書店でもらったブックカバーが捨てられない

最近、こんなご時勢ということもあって、部屋の片付けをしている。

調味料、服、プリントなどの整理を終え、いよいよ本棚の整理に取り掛かったのだけれど、あることに気づいた。

どの本にも書店でもらったブックカバーがかかっていて、何の本なのか一目でわからない。

 

 

 

本を買うとき、毎回ブックカバーをもらうことが自分の中で習慣というか義務のようなものになっている。

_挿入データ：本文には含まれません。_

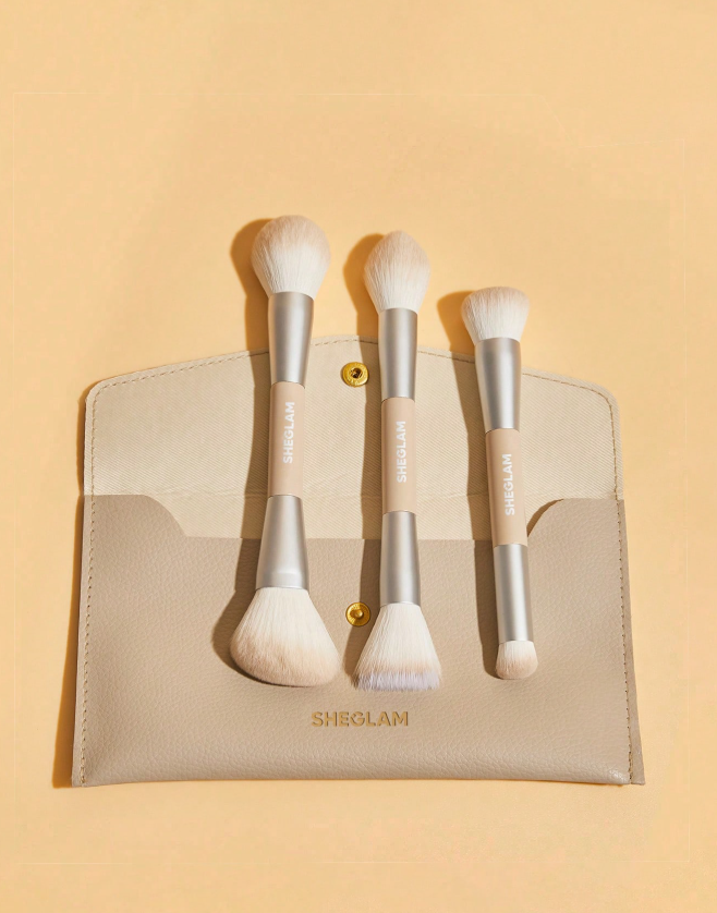 تتكون المجموعة من 3 فرش "ثنائية الطرف"، مما يمنحكِ 6 رؤوس فرش مختلفة للتعامل مع كافة تفاصيل مكياج الوجه والعيون.

きっかけはおそらく、手汗対策 ―――見苦しい話で申し訳ないが、そこそこ手汗をかくので、手汗で元のカバーをふやかしたくない――― の一環だったと思う。しかし、中高生時代ももうそろそろ遠い存在となってきており、代謝も落ちている。もう手汗はそんなに出ない。現在もなおブックカバーをもらい続けるモチベーションは、別のところにある。

 

ひとつは、単純にデザインが好きだということ。

もうひとつは、ブックカバーが、その本をお迎えしたときの自分を思い出させてくれる、ということ。

 

 

ひとつめ、デザインについて。

冗長だし、内容的にはこの記事で書きたかったことの2割くらいのものなので、さらっと読み飛ばしてほしい。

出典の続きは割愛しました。